A Three-Minute Speech: Lincoln's Remarks at Gettysburg
Illustrations by Albert Lorenz
Non-fiction chapter book
Ages 7 to 10
Simon and Schuster, 2003, 0-689-85622-9
The story of the new democracy in the new country began in such a grand way and with such wonderful words full of hope and great optimism. Unfortunately for the United States, slavery was already a necessary evil for many, an evil they were not willing to relinquish. Though slavery and the words "all men are created equal" contradicted one another, the government did its best to avoid the issue, allowing slavery to persist. It was inevitable however, that the matter would have to be settled at some time and when that time came there was anger, and fear, which was followed by strife and then war.

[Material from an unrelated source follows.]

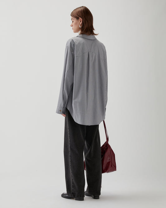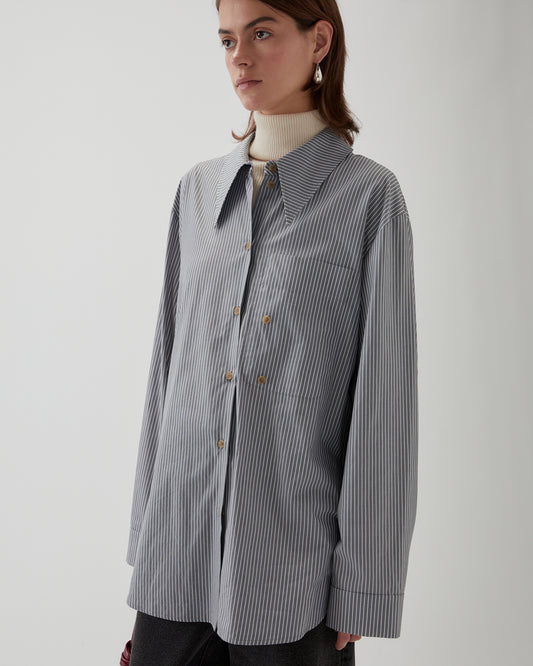 A timeless shirt crafted from soft cotton with subtle grey stripes. Designed in one size fits all, it features a relaxed silhouette, button-down front, and classic collar. A two-button detail at the bust allows for a cinched fit or a more open, effortless shape, making it versatile for layering or wearing on its own.

It was a war unlike any other and it tore families apart. On and on it dragged with enormous numbers of men dying on the battlefield and because of disease and bad food. One battle which was a turning point in the war took place in a little town in Pennsylvania. It was here, in Gettysburg, that the President, Abraham Lincoln, gave a famous speech which became known as the Gettysburg Address.

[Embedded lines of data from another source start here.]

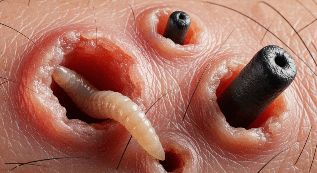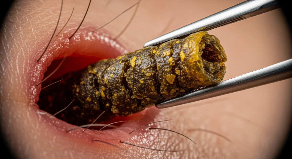 At first glance, this image looks unreal β small holes in the skin, metal tools, and hard yellowish plugs being pulled out one by one.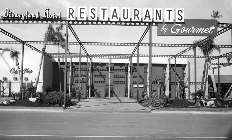 Photo taken outside the Gourmet Restaurant, Coffee Shop and ‘Round the World Lounge. This was taken about two weeks before the facilities were completed dating this photo to July of 1956. Construction is visible on the middle right of the photograph. |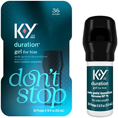 K-Y Duration Gel is an endurance enhancer for men which temporarily prolongs the time until climax to help you have more control and enjoy the moment. Help pleasure her by ensuring you last longer and stay in the moment with the desensitizing agent, Benzocaine is deemed safe by the FDA for the purpose of prolonging the time until climax. Apply a small amount and you are ready to go. Don’t Stop. Now we’re talking. This product is compatible with Latex Condoms. K-Y is the #1 Doctor recommended personal lubricant brand*. This product contains one 0.16 FL OZ (36 Pump) bottle. Our products are delivered in discreet packaging with no indication of parcel contents Use as Directed. *among vaginal lubricants & moisturizers, IQVIA, ProVoice Survey, Feb. 2022.

The speech itself was surprisingly short and yet its power is something which is still talked of today. It has been quoted over and over again and is considered to be one of the greatest speeches ever given.
By discussing the ideas of the Founding Fathers, slavery, the civil war, and the battle of Gettysburg, in a conversational style which will appeal to young readers, the author shows us how the ideals of democracy were born in the United States and then how they were shown to have practical flaws. Though the concept of "all men are created equal" is a wonderful one, the existence of slavery made a mockery of it. By including the actual speech at the back of the book, the author lets his readers see for themselves what all the fuss is about, and why this speech moved so many people then, and continues to move people now. This book will give young readers a real taste for how history can be brought to life when it is placed in the hands of a great storyteller.
This is one of the excellent "Milestone" Books.